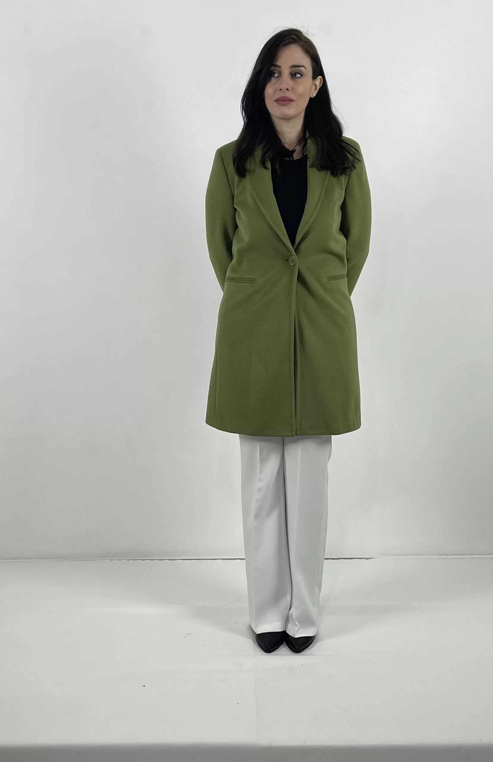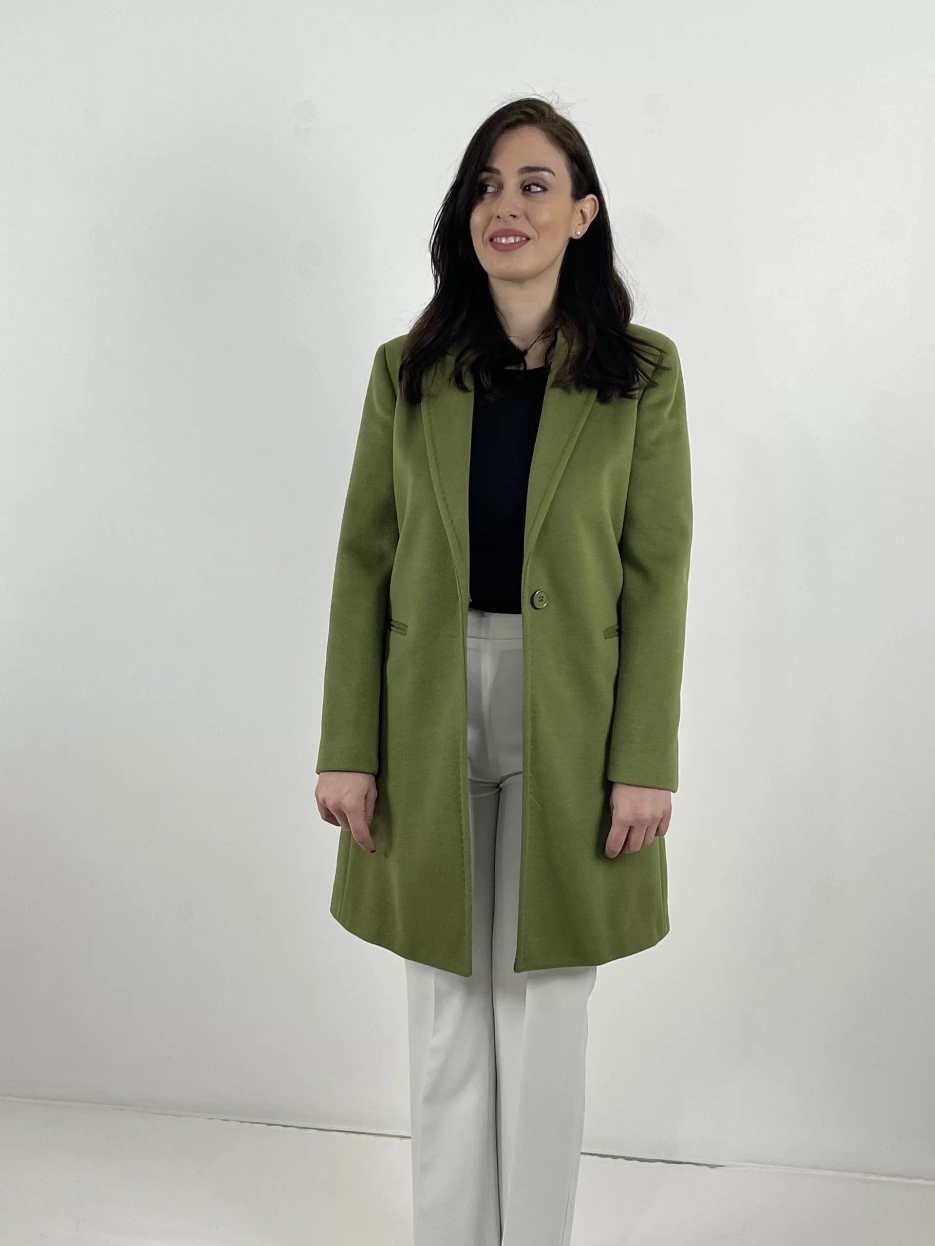 • Cappotto dal taglio maschile, abbottonatura monopetto con unico bottone, collo con reverve a lancia, lunghezza al ginocchio e spacco dietro.
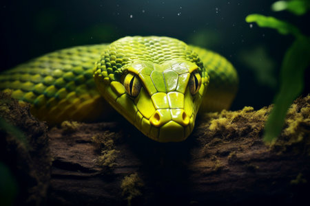 An AI illustration of An image of a vibrant green and yellow-colored snake perched on a rain-soaked tree log
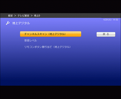 「戻る」ボタンを4回押して視聴画面に戻り、デジタル放送が視聴できることを確認します。
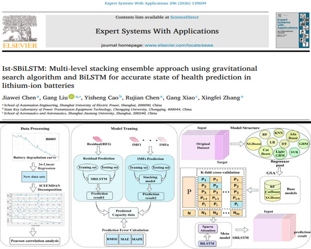 在《Expert Systems with Applications》上发表的论文“Ist-SBiLSTM: Multi-level stacking ensemble approach using gravitational search algorithm and BiLSTM for accurate state of health prediction in lithium-ion batteries”(DOI: 10.1016/j.eswa.2025.129009),针对锂离子电池容量再生现象及健康状态预测问题,提出了一种基于自适应级联优化的多层混合预测方法 Ist-SBiLSTM,显著提高了预测准确性。
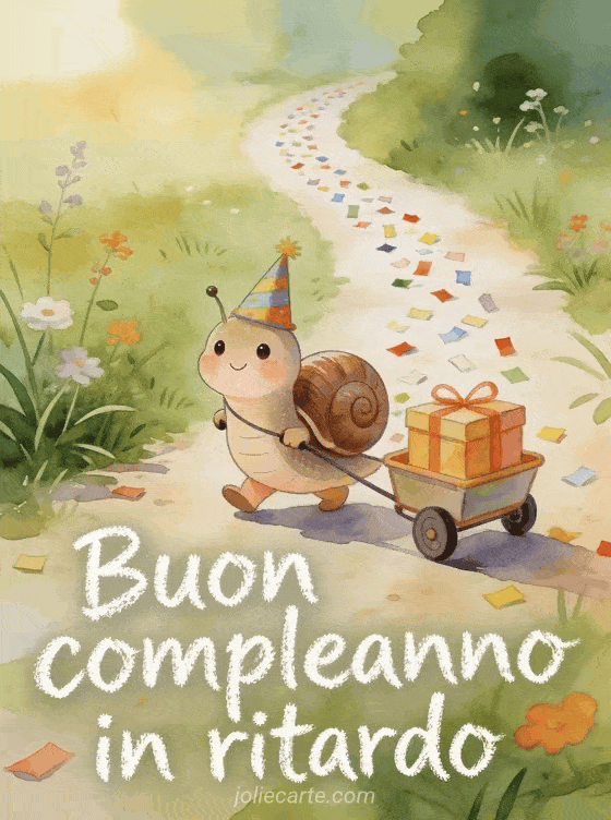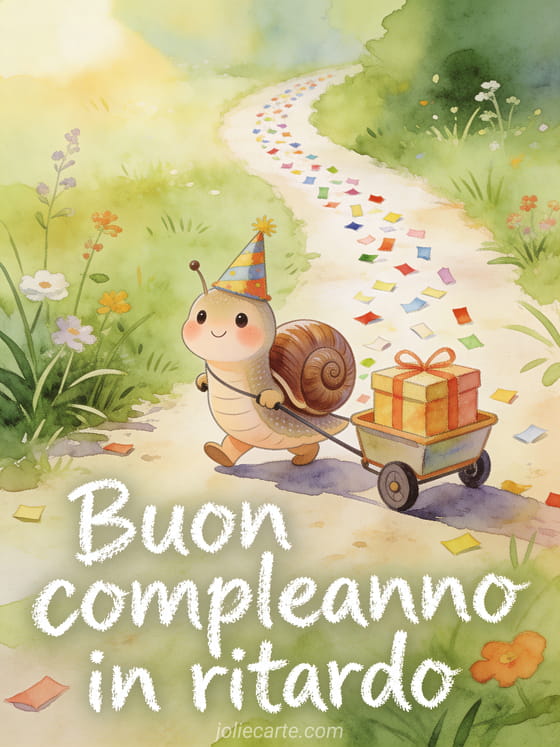 Meglio tardi che mai! Invia questo adorabile biglietto di compleanno in ritardo con una lumachina con cappellino da festa che trascina un carrettino con un regalo, lasciandosi dietro un sentiero di coriandoli. Un'illustrazione ad acquerello piena di charme e umorismo. Scopri anche un buon compleanno in ritardo gif o buon compleanno in ritardo umorismo.
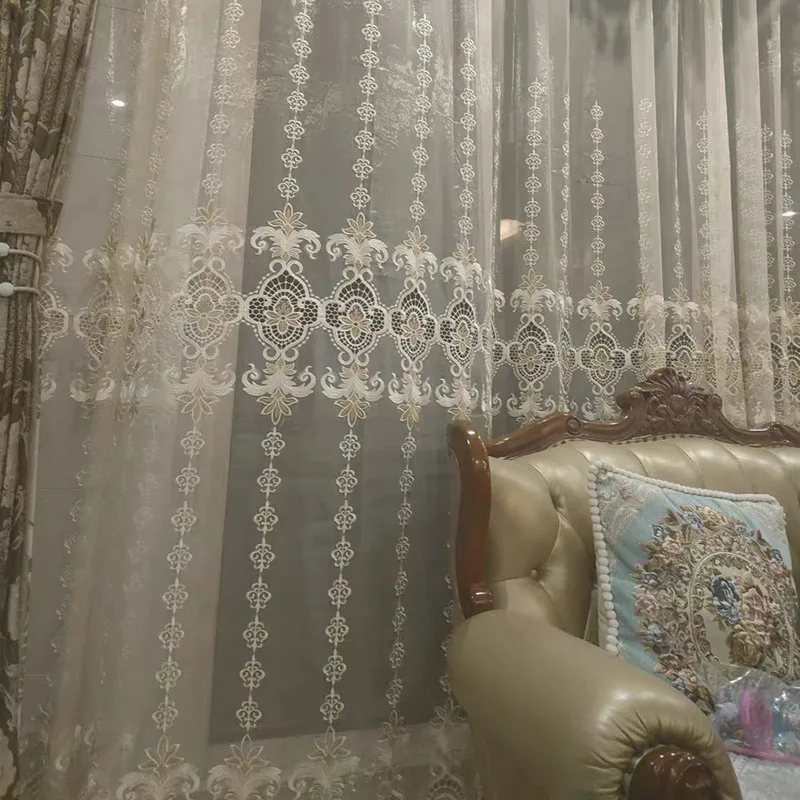 Европейские полые прозрачные шторы с вышивкой для гостиной, элегант...
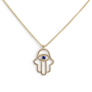 תליון חמסה מזהב 14K בעיצוב פתוח, נקי ומינימליסטי
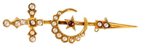 SWORD BROOCH, in gold (9ct;3.69g; 67x20mm), attributed to maker, Benjamin & Sons, features a sword with a crescent in the centre with a centre star with small red gemstone, the crescent is decorated with nine imitation seed pearls and the sword is fitted with eleven imitation seed pearls, pin-back with loop provision for safety chain. Slight bend in sword, otherwise very fine.
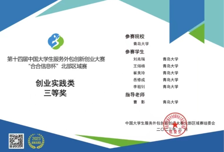 目前,第十四届中国大学生服务外包创新创业大赛“合合信息杯”北部区域赛公布了获奖名单,Beat365官网由曹影老师指导的学生团队荣获“创新实践类项目”三等奖。

···

Work required:
Print exactly, and only, the lines from the line containing "在《Expert Systems with" to the last line of the material above, with every picture left out.

Task response:
 在《Expert Systems with Applications》上发表的论文“Ist-SBiLSTM: Multi-level stacking ensemble approach using gravitational search algorithm and BiLSTM for accurate state of health prediction in lithium-ion batteries”(DOI: 10.1016/j.eswa.2025.129009),针对锂离子电池容量再生现象及健康状态预测问题,提出了一种基于自适应级联优化的多层混合预测方法 Ist-SBiLSTM,显著提高了预测准确性。
 Meglio tardi che mai! Invia questo adorabile biglietto di compleanno in ritardo con una lumachina con cappellino da festa che trascina un carrettino con un regalo, lasciandosi dietro un sentiero di coriandoli. Un'illustrazione ad acquerello piena di charme e umorismo. Scopri anche un buon compleanno in ritardo gif o buon compleanno in ritardo umorismo.
 Европейские полые прозрачные шторы с вышивкой для гостиной, элегант...
 תליון חמסה מזהב 14K בעיצוב פתוח, נקי ומינימליסטי
 SWORD BROOCH, in gold (9ct;3.69g; 67x20mm), attributed to maker, Benjamin & Sons, features a sword with a crescent in the centre with a centre star with small red gemstone, the crescent is decorated with nine imitation seed pearls and the sword is fitted with eleven imitation seed pearls, pin-back with loop provision for safety chain. Slight bend in sword, otherwise very fine.
 目前,第十四届中国大学生服务外包创新创业大赛“合合信息杯”北部区域赛公布了获奖名单,Beat365官网由曹影老师指导的学生团队荣获“创新实践类项目”三等奖。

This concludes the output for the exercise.